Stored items

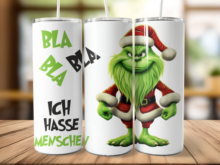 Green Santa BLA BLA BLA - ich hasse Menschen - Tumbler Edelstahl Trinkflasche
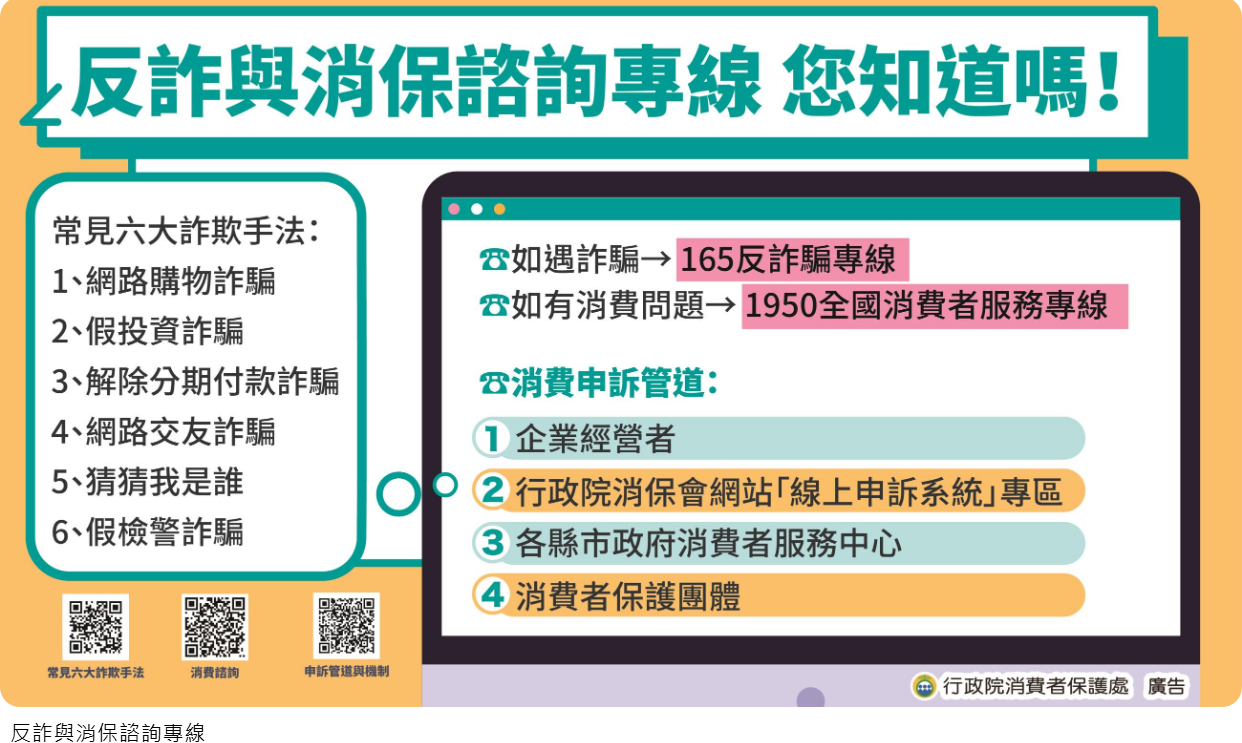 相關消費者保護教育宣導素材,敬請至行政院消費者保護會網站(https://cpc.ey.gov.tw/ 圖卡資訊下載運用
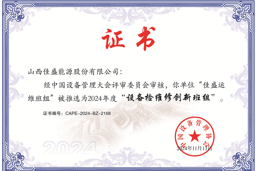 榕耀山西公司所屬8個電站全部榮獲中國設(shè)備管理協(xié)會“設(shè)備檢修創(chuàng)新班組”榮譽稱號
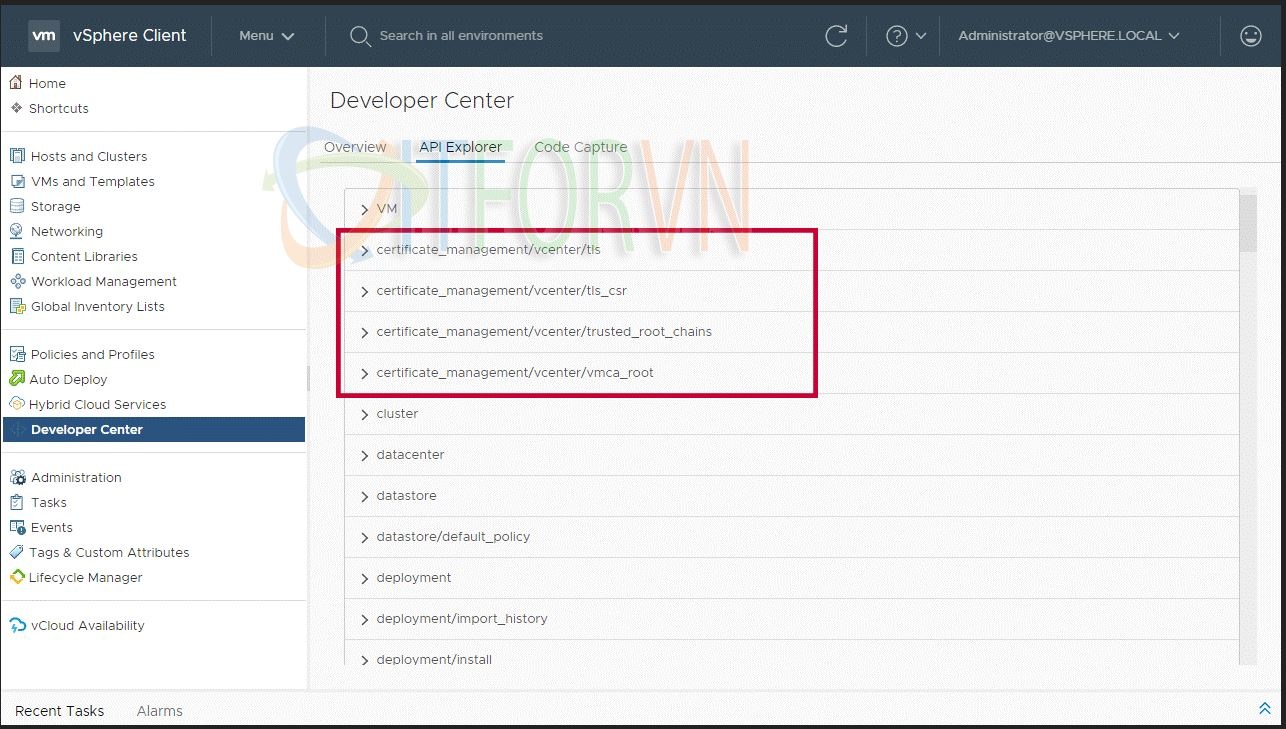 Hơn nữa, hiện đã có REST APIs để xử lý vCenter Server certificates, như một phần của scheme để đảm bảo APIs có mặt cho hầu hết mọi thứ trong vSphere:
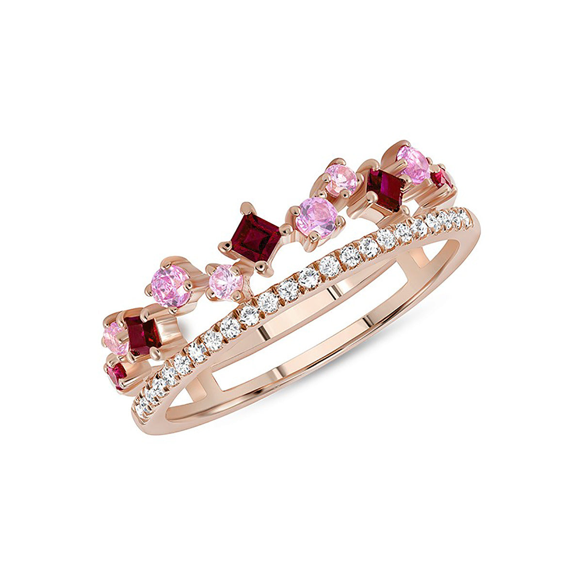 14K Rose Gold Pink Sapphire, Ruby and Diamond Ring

**ACTION ITEM:** Transcribe exactly the lines that go from the one holding "榕耀山西公司所屬8個電站全部" through the last line of the entries, both included, and nothing besides them. Do not include any pictures.

**ANSWER TO THIS TASK:**
 榕耀山西公司所屬8個電站全部榮獲中國設(shè)備管理協(xié)會“設(shè)備檢修創(chuàng)新班組”榮譽稱號
 Hơn nữa, hiện đã có REST APIs để xử lý vCenter Server certificates, như một phần của scheme để đảm bảo APIs có mặt cho hầu hết mọi thứ trong vSphere:
 14K Rose Gold Pink Sapphire, Ruby and Diamond Ring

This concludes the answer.